My free hand came up to rest against the spot, feeling the strong, healthy beat of the heart that strangely ruled mine with an iron fist, summoning it at will, despite its owner not knowing she had such control over me.
I pulled her onto my lap then, so there was not an inch of space between us.
And I loved it, feeling her like this, so close.
She loved it more because her hands went around my neck. I uncurled her hands, clutched her wrists, and pinned them behind her.
I meant it to be uncomfortable, painful. But her breath caught once, and she moaned again.
Before I could lose myself completely, I dove head first into her mind.
Chaos. I felt right into chaos.
I winced, even as my lips continued to move mindlessly against hers, sucking on her lips, her tongue. Exploring every corner of her sweet mouth.
My body was surfing in ecstasy, my dick lying in a hard line up my thigh. But my soul was in hell.
The Ballerina’s mind was hell.
The next twelve months for her, for us, was hell.
I saw strange things, awful events that made a silent tear run down my cheek. I recognized the silhouettes of warring lovers as Hale and me. I was in an awful war with the man I had loved for almost two centuries, the man I would journey to the depths of hell for.
I was not out for his head, and he for mine.
We fought like beasts, holding none of our powers back. And we were fighting over her. Lys.
We were fighting over this woman we barely knew. And in the center of all this chaos was Finn, his betrayal tasted like ash in my mouth as I pulled away from her.
She stared at me, burning as much as I did. But she was curious, waiting.
I wiped my cheek and turned my neck to stare at a blank war, feeling strange in this body for the first time.
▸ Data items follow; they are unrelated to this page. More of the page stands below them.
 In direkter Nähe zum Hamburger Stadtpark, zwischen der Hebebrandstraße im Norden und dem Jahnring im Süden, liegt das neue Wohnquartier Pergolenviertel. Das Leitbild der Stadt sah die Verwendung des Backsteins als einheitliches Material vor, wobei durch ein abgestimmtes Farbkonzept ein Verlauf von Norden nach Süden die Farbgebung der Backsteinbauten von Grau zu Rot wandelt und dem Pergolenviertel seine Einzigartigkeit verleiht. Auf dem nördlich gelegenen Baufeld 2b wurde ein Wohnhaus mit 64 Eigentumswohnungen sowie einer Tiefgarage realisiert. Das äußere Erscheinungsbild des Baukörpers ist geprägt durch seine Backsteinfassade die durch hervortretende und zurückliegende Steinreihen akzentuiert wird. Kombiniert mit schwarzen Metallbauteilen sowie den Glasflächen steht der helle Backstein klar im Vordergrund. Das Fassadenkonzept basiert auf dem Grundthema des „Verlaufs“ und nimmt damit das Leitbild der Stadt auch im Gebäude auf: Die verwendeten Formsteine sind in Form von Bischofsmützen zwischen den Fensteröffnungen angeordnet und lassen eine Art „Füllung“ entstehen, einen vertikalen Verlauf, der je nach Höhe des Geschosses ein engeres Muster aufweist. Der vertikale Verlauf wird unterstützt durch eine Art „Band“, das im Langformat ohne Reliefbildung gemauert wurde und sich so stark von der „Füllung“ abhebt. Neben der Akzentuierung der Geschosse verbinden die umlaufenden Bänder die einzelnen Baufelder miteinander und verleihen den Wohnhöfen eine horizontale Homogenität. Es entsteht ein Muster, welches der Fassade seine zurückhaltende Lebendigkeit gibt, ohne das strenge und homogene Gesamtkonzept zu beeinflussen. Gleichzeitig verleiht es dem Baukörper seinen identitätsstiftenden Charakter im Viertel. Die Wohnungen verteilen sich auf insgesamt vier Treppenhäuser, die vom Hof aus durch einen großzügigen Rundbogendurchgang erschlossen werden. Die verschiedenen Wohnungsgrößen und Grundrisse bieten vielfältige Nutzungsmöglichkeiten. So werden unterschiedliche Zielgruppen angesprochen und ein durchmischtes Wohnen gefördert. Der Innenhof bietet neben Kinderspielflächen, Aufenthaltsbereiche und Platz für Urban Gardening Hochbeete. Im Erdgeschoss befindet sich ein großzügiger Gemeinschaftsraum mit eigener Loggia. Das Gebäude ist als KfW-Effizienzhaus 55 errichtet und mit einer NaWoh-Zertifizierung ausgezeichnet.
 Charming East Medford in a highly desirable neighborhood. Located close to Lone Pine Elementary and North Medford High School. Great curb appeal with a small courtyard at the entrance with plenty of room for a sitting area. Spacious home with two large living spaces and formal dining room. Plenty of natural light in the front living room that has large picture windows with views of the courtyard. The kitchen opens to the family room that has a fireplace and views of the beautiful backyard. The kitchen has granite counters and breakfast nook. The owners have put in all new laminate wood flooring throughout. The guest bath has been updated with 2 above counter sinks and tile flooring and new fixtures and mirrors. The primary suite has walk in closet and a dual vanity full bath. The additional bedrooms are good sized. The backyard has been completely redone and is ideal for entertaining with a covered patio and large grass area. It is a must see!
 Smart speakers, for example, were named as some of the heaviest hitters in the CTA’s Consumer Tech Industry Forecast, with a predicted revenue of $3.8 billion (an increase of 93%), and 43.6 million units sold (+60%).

As a full dragon, things were not this complicated. Life was linear, if a little dull.
But it was easy.
Nothing was big enough to hurt me.
But in this body, something could hurt me. There were things big enough to crush my soul, like Nymphaea did, like this woman, young and so pliant, was about to do.
“You won,” I said finally.
Her eyes lit up, and her lips lifted in the first real smile I had ever seen on her.
“You understand you have to give it your best to not alter this future, right?”
She nodded enthusiastically. “I will. I promise, I will.” She was bouncing on her seat, no doubt already having forgotten the kiss that just tore my soul in halves.
“You may go.” I nodded towards the door, and she jumped to her feet, hurrying away.
I had little doubt she would head right to the kitchen. To the man she loved who was obsessed with creating new recipes.
My phone rang loudly then. The man I loved was calling.
“Did it work?” Hale sounded breathless over the phone, and it took me a minute to remember what he was asking about.
He could not have known about the vision or the kiss.
“Too well.” I responded.
My experiment was supposed to be simple. Confirm if my ability to bond with a woman was gone.
Test the viability of that magnet that always brought Nymphaea back to me.
It was still there, I felt it the moment I brought her into this vault. Felt it in the kiss.
My soul was still holding its hand out to Nymphaea, but she would not take it. Instead, another woman just did. And painfully stabbed my soul in the process.
“Well,” Hale sighed over the phone, “We can proceed to the next plan then…”
“You lied to me.” I cut him off, my chest aching horribly.
I tried to remind myself to be rational about this to avoid that horror I just saw in all four of our futures.
Hale was quiet over the phone. He did not ask what I was talking about, he did not get defensive. And that made it easier.
“Why?” I inhaled deeply now, greedy for air. “Why did you not tell me Lys was your destined mate?”